In their motion to dismiss, ARMLS and Metro MLS argued that their decision to provide agents with an alternative showings platform was, in fact, competitive, not anti-competitive.

“In late 2023, with ShowingTime’s contracts for integrated services ending in two regional markets, the MLS defendants each made an independent assessment determined it is in their best interests (and their subscriber members’ best interest) to choose an alternate vendor to provide this alternate service,” the filing reads. “By definition, the addition of a new player into an already crowded market increases competition, and the MLS defendants obviously have a financial interest in the success of that joint venture.”

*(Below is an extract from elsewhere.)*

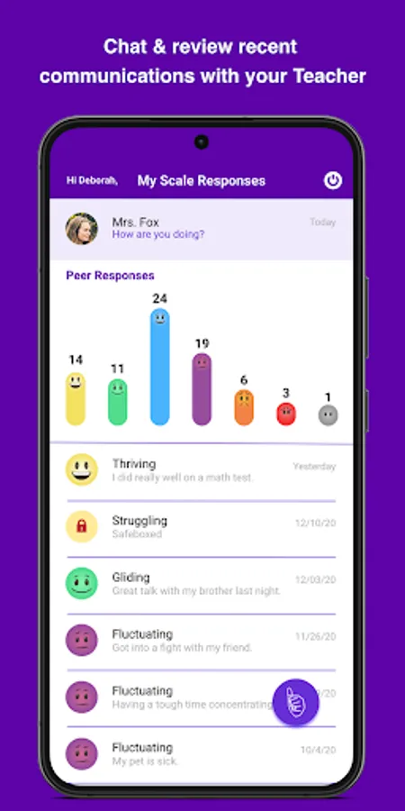 Connect with your teacher or school mental health professional using this #SameHere Scale App. You will be able to share your responses with your teacher and/or your school professionals, at their request - daily, weekly, monthly, and engage in private, secured chats related to those responses. No other students will be able to view your responses or communications.

The defendants also pointed out ShowingTime’s status as the leading home showing platform in the United States, arguing that suing a smaller upstart competitor was a misuse of antitrust law and that ShowingTime lost ground in just two out of the hundreds of MLS markets across the nation. ShowingTime is currently used by 370 MLSs and over one million individual real estate agents in North America.

“The notion that ShowingTime’s loss of two integration contracts in a national market of hundreds of MLSs should give rise to antitrust liability is unserious,” the filing reads. “Plaintiffs’ claims are directly at odds with the premise of the antitrust laws and, if successful, would subvert them.”

Zillow declined to comment on the filing.